• **Records to process**:
____

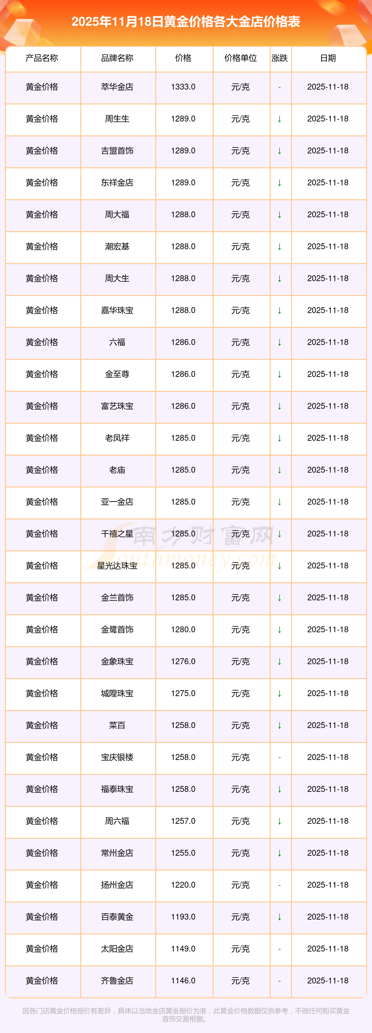 2025年11月18日,周大福、周大福、周大福、周大福、周大福、周大福、周大福、老凤祥、老凤祥、老凤祥、周六福等各大金店品牌黄金价格今日价格如下:周大福1288.0元/克、周大福626.0元/克、周大福1288.0元/克、周大福44770.0、周大福17820.0、周大福40390.0、周大福1127.0元/克、老凤祥1285.0元/克、老凤祥600.0元/克、老凤祥1285.0元/克、周六福1257.0元/克。
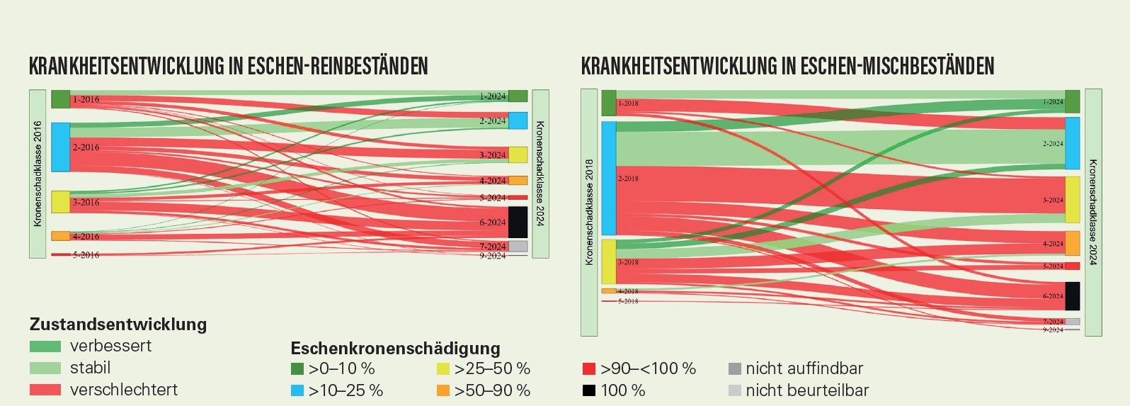 Von den Bäumen im Reinbestand, die 2016 in der besten Schadklasse waren, waren 2024 noch 27 % in dieser und 33 % in der nächstbesten Schadklasse. Mehr als die Hälfe der anfangs gesund erscheinenden Bäume (60 %) hatten nach acht Jahren Monitoring immer noch eine Kronenschädigung, die weniger als 25 % des Kronenvolumens betraf.
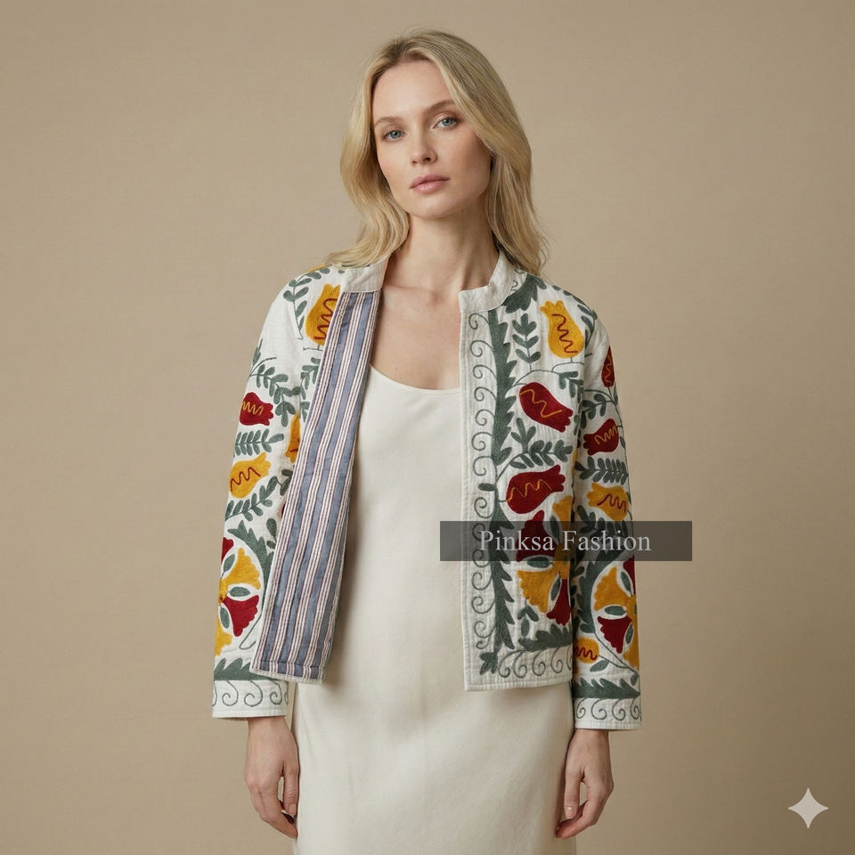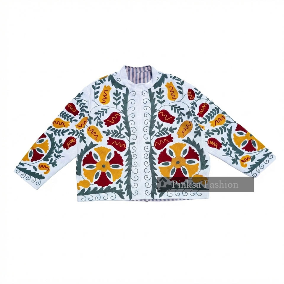 Wholesale Custom Womens Ethnic Floral Embroidered Winter Velvet/Cotton Padded Short Coats Traditional Artisan Inspired
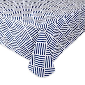 Coleção de mesa de vinil interior/externo DII Grid Pattern, toalha de mesa com encosto de flanela, retangular, 60x102, azul marinho
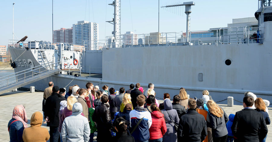 Often you will see groups of locals on a visit to the museum during your time learning about the capture of the ship, and it is a great chance to do some people watching. Visitors can range from a squad of soldiers on leave in Pyongyang, to work teams or school children on group outings. The local visitors are often as curious about you as you are them, with lots of shy and friendly smiles being shot back and forth between groups. Again, you are free to take photos on and around the ship.
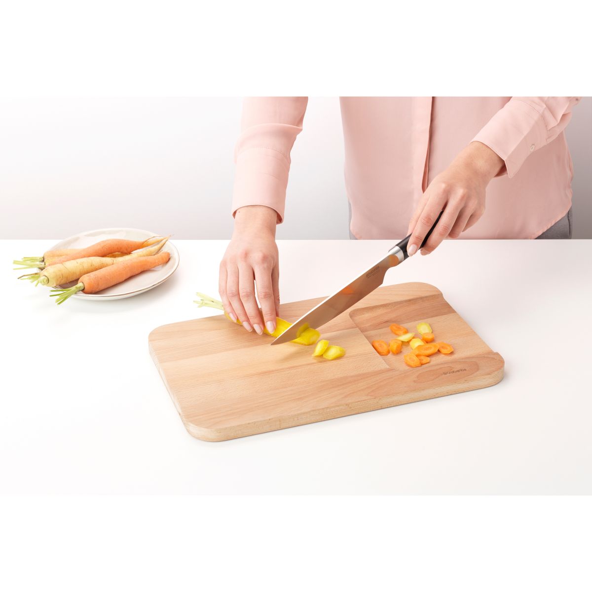 Mit dem ökologischen Holzbrett Profile von Brabantia wird das Schneiden und Hacken von Gemüse, Kräutern und Obst zu einem völlig neuen Erlebnis. Sie schneiden auf der oberen Seite und die Produkte fallen nach unten. Da dieser Teil schmaler ist, können Sie sie problemlos in die Pfanne geben. Alles geschnitten? Verwenden Sie die Rückseite des Bretts zum Servieren der Speisen. Hacken auf höchstem Niveau!
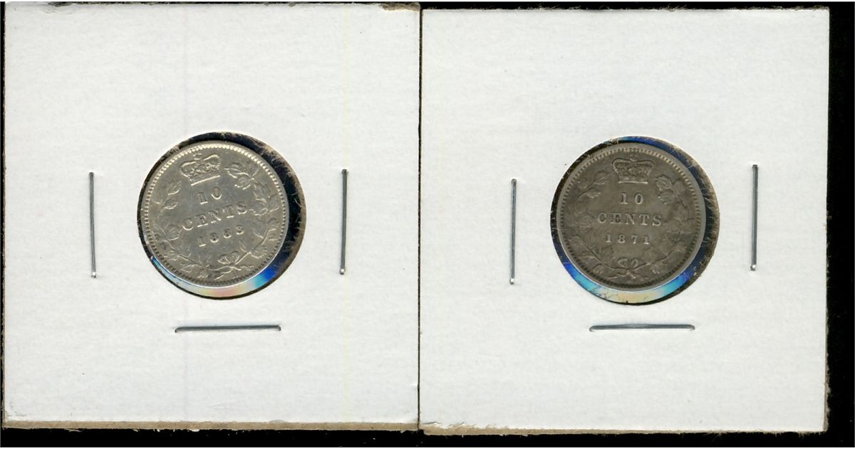 1871H 10¢ & 1883H 10¢.  Lot of 2 coins F+ to VF in grade.
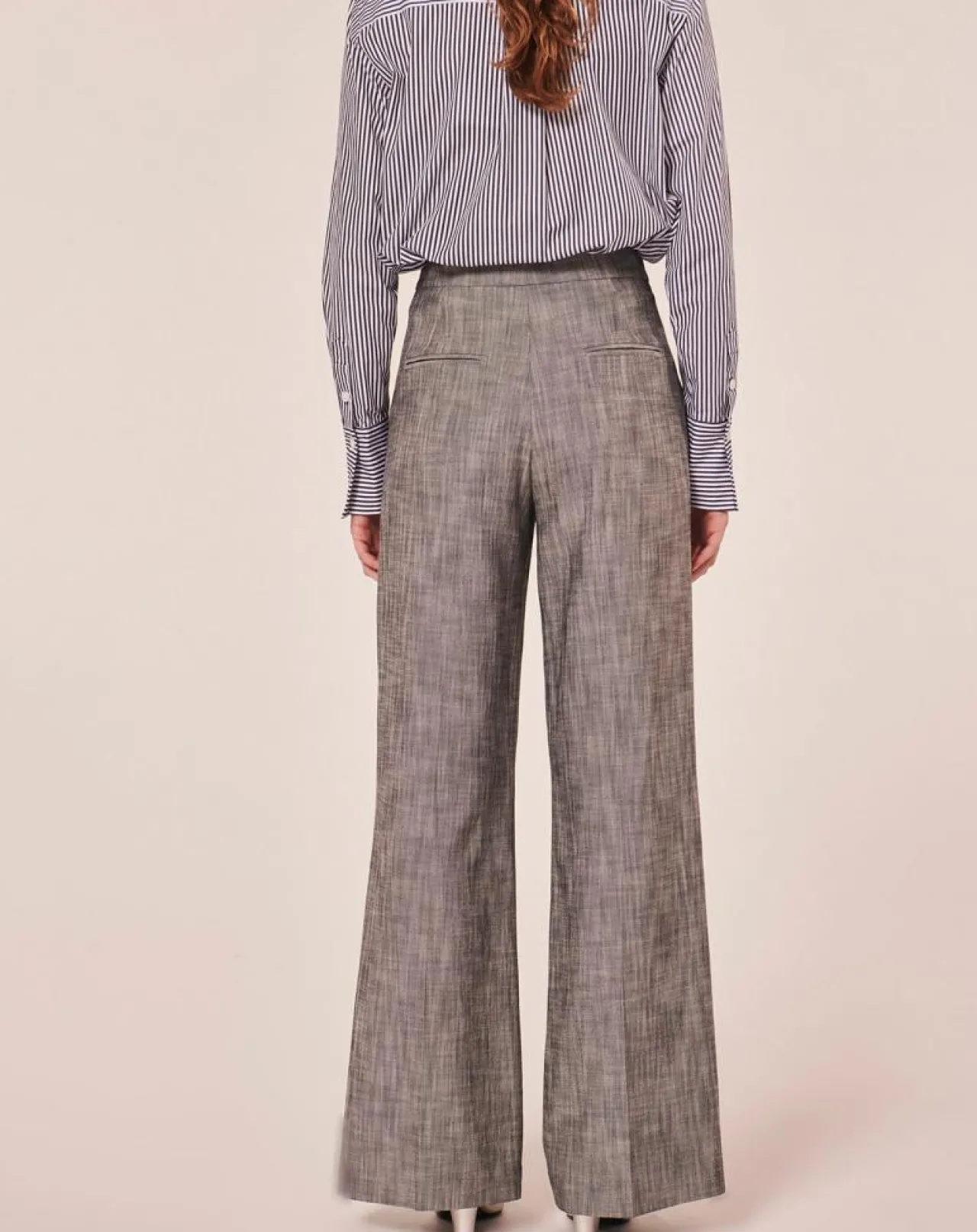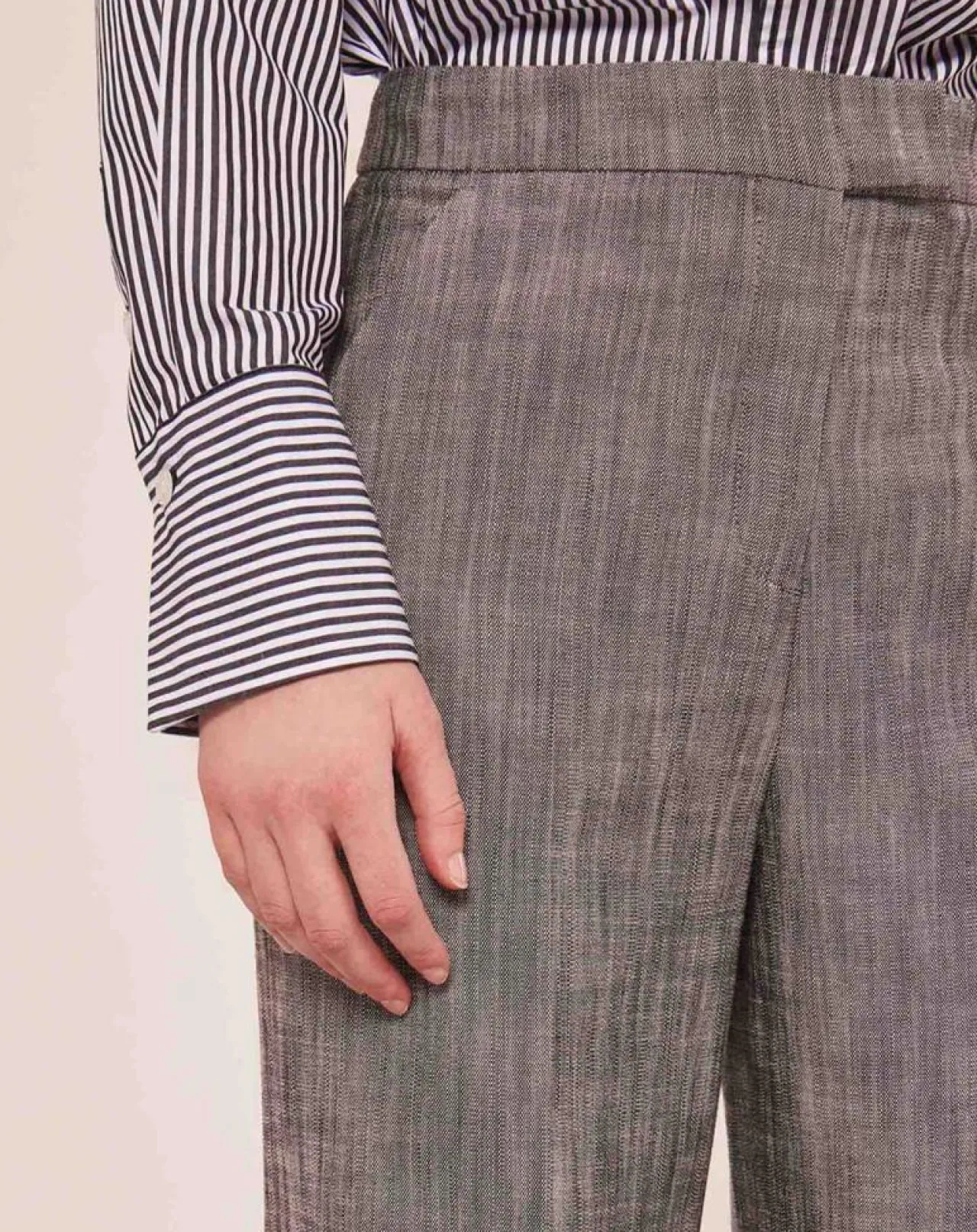 Pantalon gris en tissu flammé
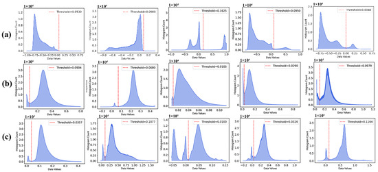 Comparison of histograms: (a) NDWI. (b) Co-polar band. (c) SOWI. In each panel, the red line represents the threshold.
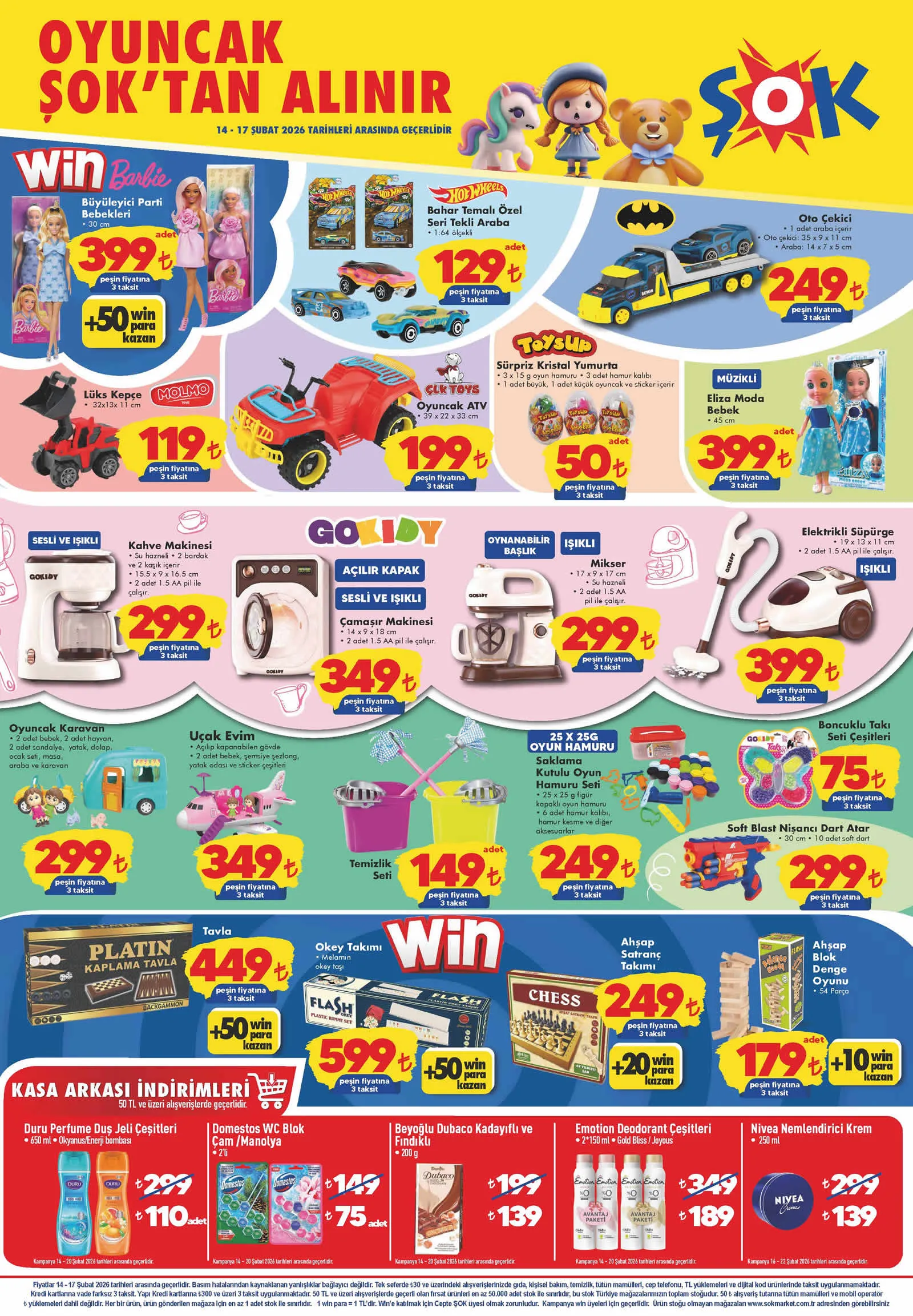 Duş jeli çeşitleri, çikolata, deodorant çeşitleri, nemlendirici krem, tavla, okey takımı, ahşap satranç takımı, ahşap blok denge oyunu, saklama kutulu oyun hamuru seti, temizlik seti, uçak evi, kahve makinesi, açılır kapaklı sesli ve ışıklı çamaşır makinesi, elektrikli süpürge, ısıtıcı, el tipi buharlı düzleştirici, yağlı radyatör ve bambu kapaklı kavanoz gibi ürünlerin yer aldığı 14 Şubat tarihinden itibaren geçerli olacak ŞOK kataloğu yayınlandı.
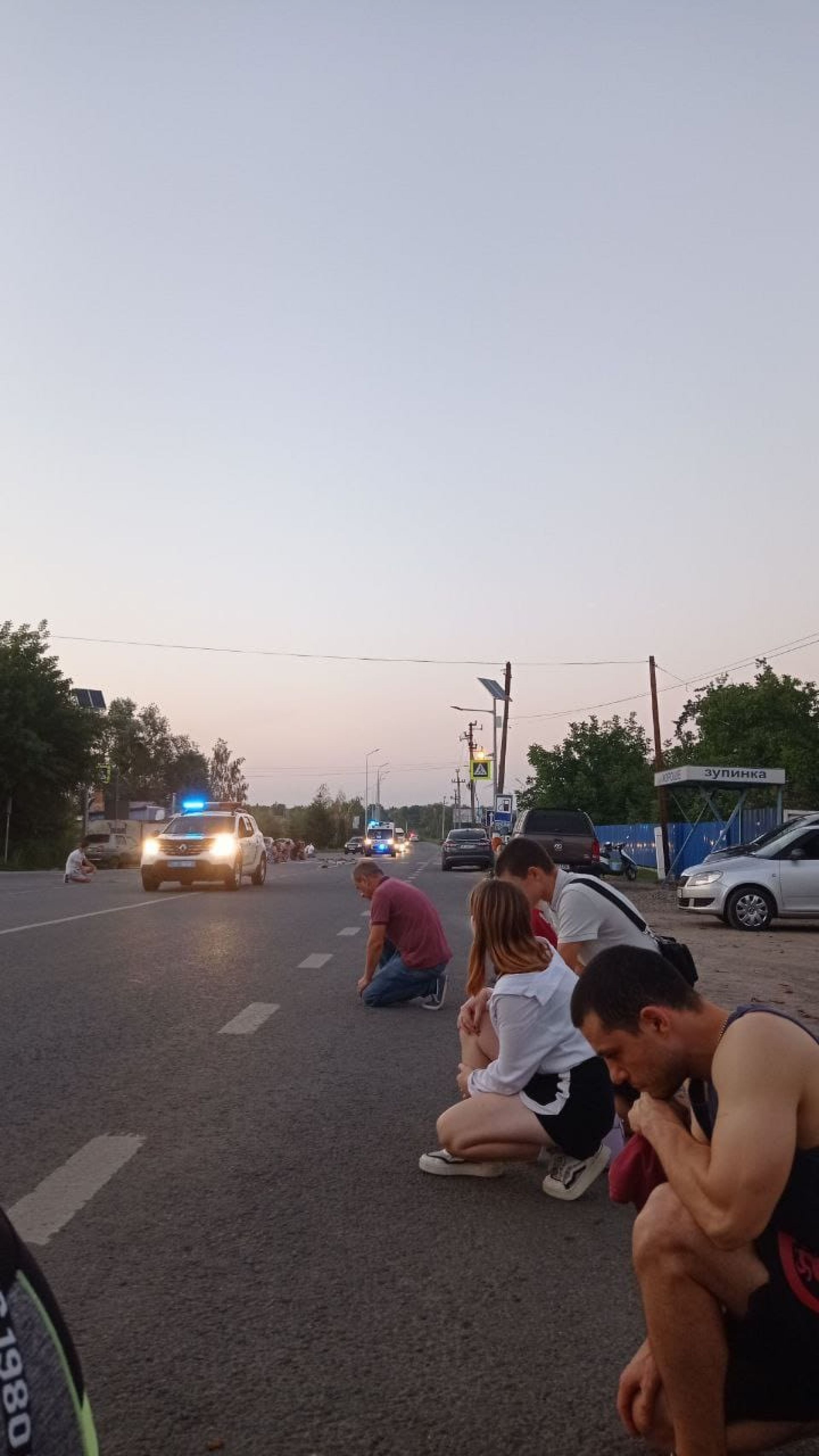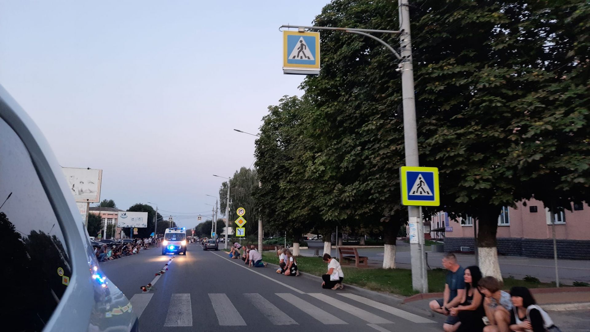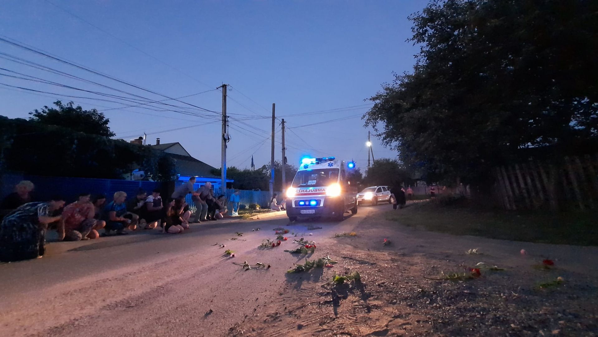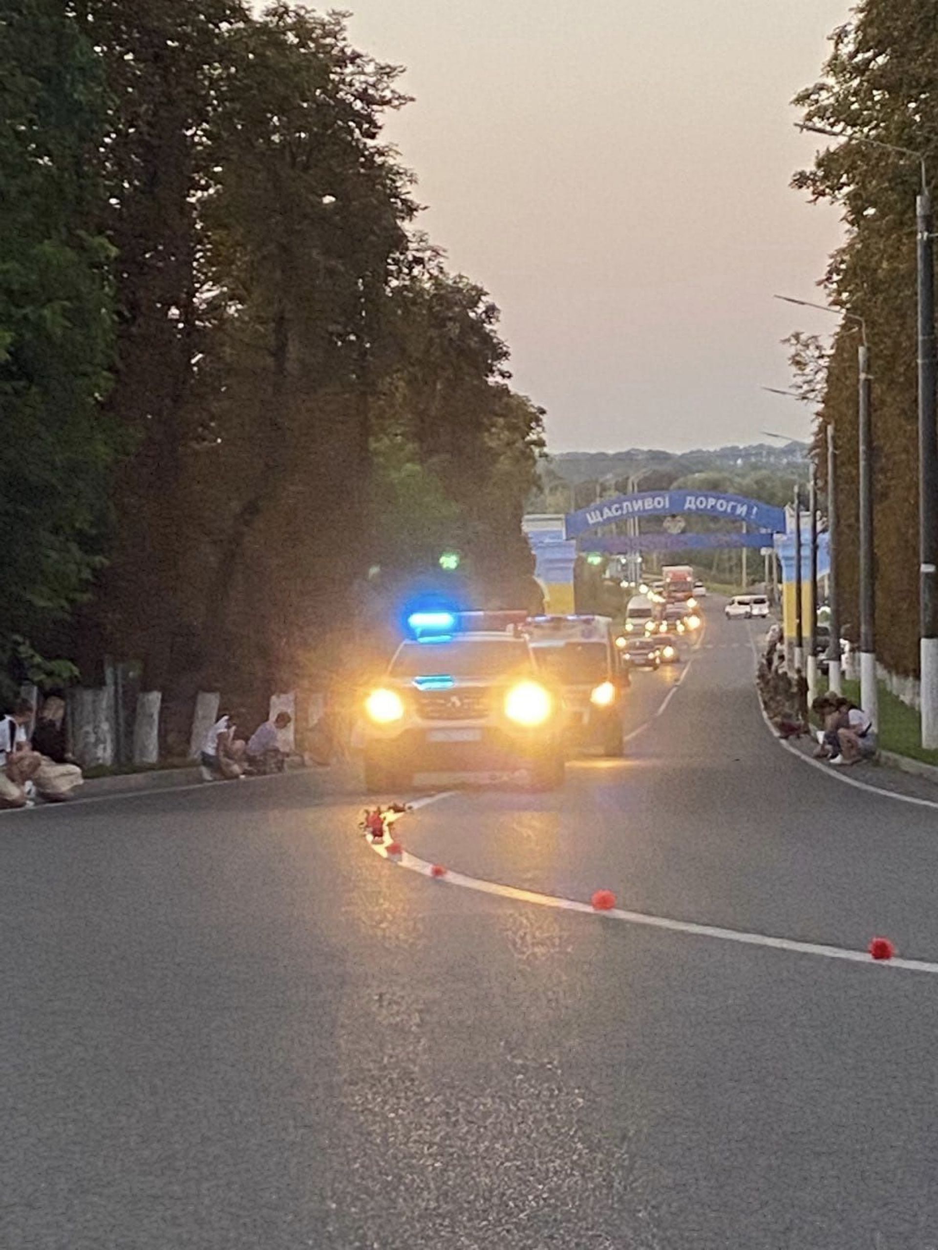 - На колінах та з державними прапорами в руках люди створили живий коридор.

____

• **Assigned task**: Go to the line above that has "1871H 10¢ &" and copy exactly from there down to the line that has "Comparison of histograms: (a)", both included. Leave the pictures out.

• **Written solution**:
 1871H 10¢ & 1883H 10¢.  Lot of 2 coins F+ to VF in grade.
 Pantalon gris en tissu flammé
 Comparison of histograms: (a) NDWI. (b) Co-polar band. (c) SOWI. In each panel, the red line represents the threshold.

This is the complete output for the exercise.